Teacher X, Y, Z and 6 students sitting in a row. How many ways can the teachers choose their seats so that there are no 2 adjacent teachers?
I know that you can solve it by: (s) = student. We put 1 student in between XY and YZ to satisfy the condition
(s) X (s) Y (s) Z (s) then using stars and bars to solve $a+b+c+d=4$ then multiplying by 3! because X,Y,Z can be arranged we have: $7C3 * 3!$ or $35*3!$
Now I tried with Inclusion Exclusion,
Choosing any 3 in the 9 spots $9C3$ , This includes the set with at least 1 adjacent pair of teachers.

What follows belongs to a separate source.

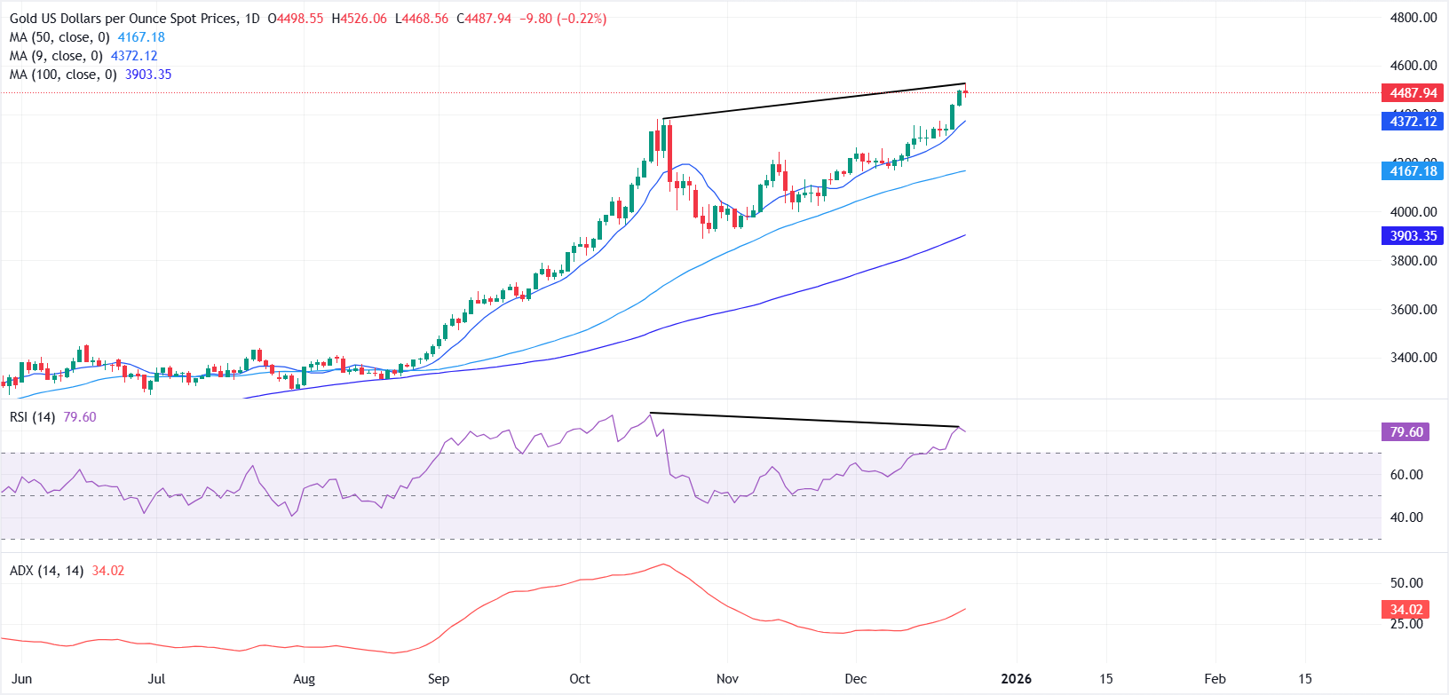 黄金(XAU/USD)周三在早些时候飙升至接近 4,526 美元的历史新高后,走势疲软。由于圣诞节前流动性稀缺,波动性加大,促使在高位出现温和的获利了结。

To get the number of ways for at least 1 adjacent pair of teachers, we pair 2 of them at the start, so we have to choose 2 slots in 8 objects. $8C2$. But $9C3 -8C2$ = 56. So I don't know what I didn't count
Say $A$ is a set where $X,Y$ are together nad similary for $B$ and $C$. Then you need $$|U| -|A\cup B\cup C|$$ where $U$ is a set of all confiugration, so $|U| = 9!$. Then $$|A| = |B|=|C| = 2\cdot 8!$$ and $$|A\cap B| = |B\cap C| = |C\cap A |= 2\cdot 7!$$ and $|A\cap B\cap C| = 0$. Now use the PIE.